Bootstrap an End-to-end ASR System by Multilingual Training, Transfer Learning, Text-to-text Mapping and Synthetic Audio
(3 minutes introduction)
Manuel Giollo (Amazon, Italy), Deniz Gunceler (Amazon, Germany), Yulan Liu (Amazon, UK), Daniel Willett (Amazon, Germany) |
---|
Bootstrapping speech recognition on limited data resources has been an area of active research for long. The recent transition to all-neural models and end-to-end (E2E) training brought along particular challenges as these models are known to be data hungry, but also came with opportunities around language-agnostic representations derived from multilingual data as well as shared word-piece output representations across languages that share script and roots.
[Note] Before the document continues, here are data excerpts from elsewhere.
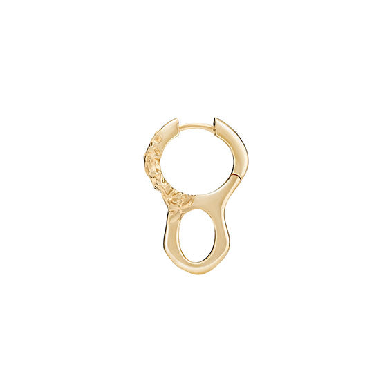 Rove er en huggie, der refererer til en dåsering. Den polerede overflade af sølvet opløses i en ru tekstur inspireret af opløsningen af metal på forsiden med en elegant poleret bagside. Denne huggie kan også bæres omvendt. Ideel til at have på alene eller i en stack.
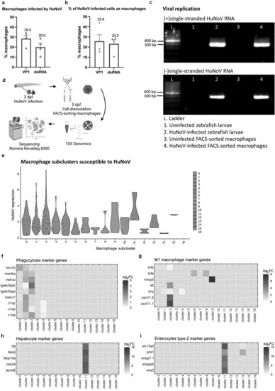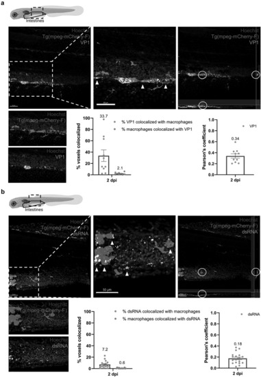 Macrophages in the intestines are infected by HuNoV and allow active viral replication. (a-b) whole mount immunohistochemistry confocal images of Tg(mpeg:mCherry-F) zebrafish larvae infected with HuNoV taken at 2 dpi at a 25X magnification focusing on the intestines using Hoechst, a primary mCherry antibody, and (a) a VP1-targeting antibody or (b) a dsRNA-targeting antibody. Cross-section views created in imaris software show horizontal and vertical sections of macrophages that contain (a) VP1 or (b) dsRNA with the white circle highlighting an infected cell of interest. Imaris 3D Colocalization software calculated the overlap of voxels between macrophages and (a) VP1 or (b) dsRNA ( |
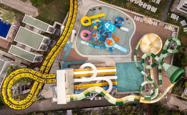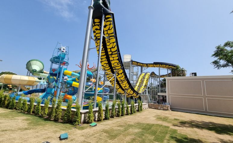 На разположение на гостите на хотела е аквапарк, който разполага с 2 басейна, 7 водни пързалки за възрастни, 5 водни пързалки за деца, центрофуга и водни съоръжения за най-малките.
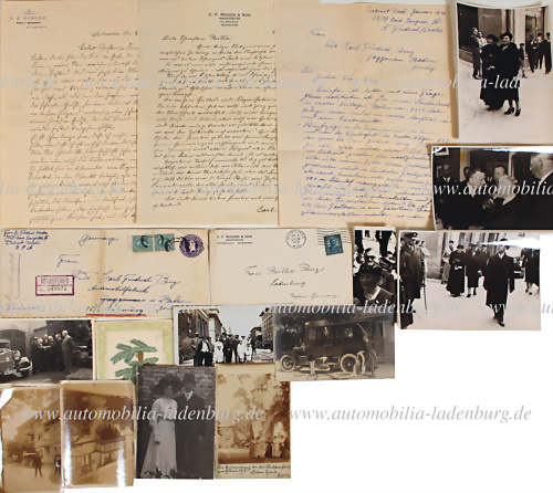Konvolut darunter handgeschriebener Brief von Carl.F.Ringer (Cousin) an Bertha Benz, datiert 24.03.1900; handgeschriebener Brief Carl. F. Ringer, datiert 25.01.1902; handgeschriebener Brief datiert Pforzheim 10.03.1908; handgeschriebenes Beileidsschreiben von Carl.F.Ringer an Bertha Benz, datiert... mehr
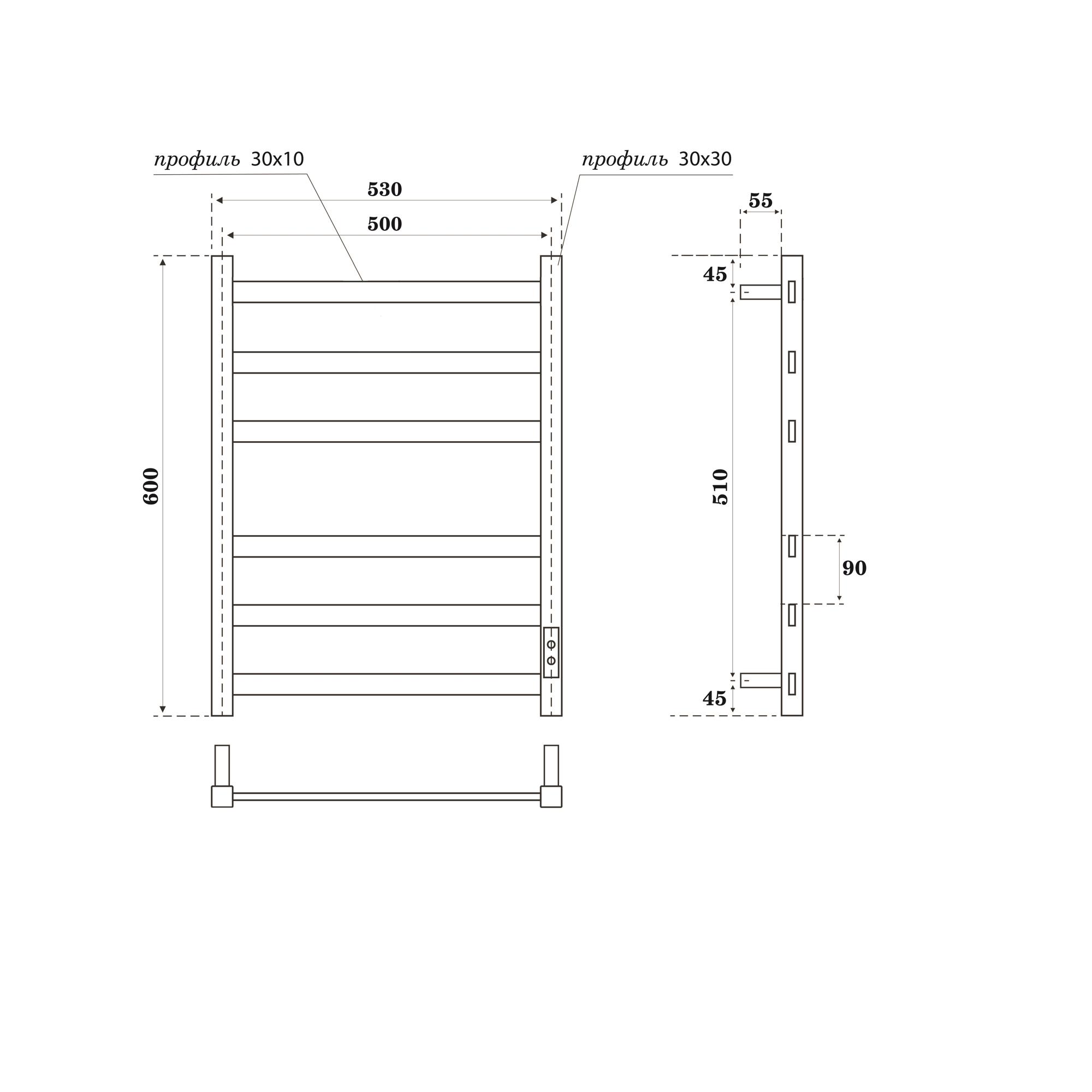 Полотенцесушитель электрический Point Меркурий П6 PN83856GR 50х60 см
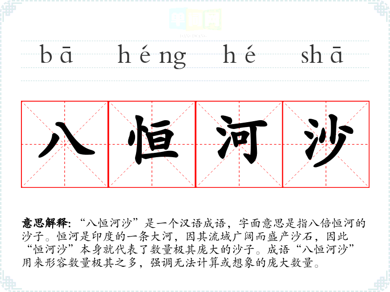 在传统文化中,数字常常被赋予特殊的意义,如“八”在文化中通常寓意着吉利和繁荣。因此,“八恒河沙”不仅强调数量庞大,同时也蕴含了对繁荣和富饶的美好期望。在现代社会,这个成语仍然适用于形容数字庞大的现象,尤其在数据化时代,面对海量信息时更为常见。

We investigate here the effectiveness of different strategies to bootstrap an RNN-Transducer (RNN-T) based automatic speech recognition (ASR) system in the low resource regime, while exploiting the abundant resources available in other languages as well as the synthetic audio from a text-to-speech (TTS) engine. Our experiments demonstrate that transfer learning from a multilingual model, using a post-ASR text-to-text mapping and synthetic audio deliver additive improvements, allowing us to bootstrap a model for a new language with a fraction of the data that would otherwise be needed. The best system achieved a 46% relative word error rate (WER) reduction compared to the monolingual baseline, among which 25% relative WER improvement is attributed to the post-ASR text-to-text mappings and the TTS synthetic data.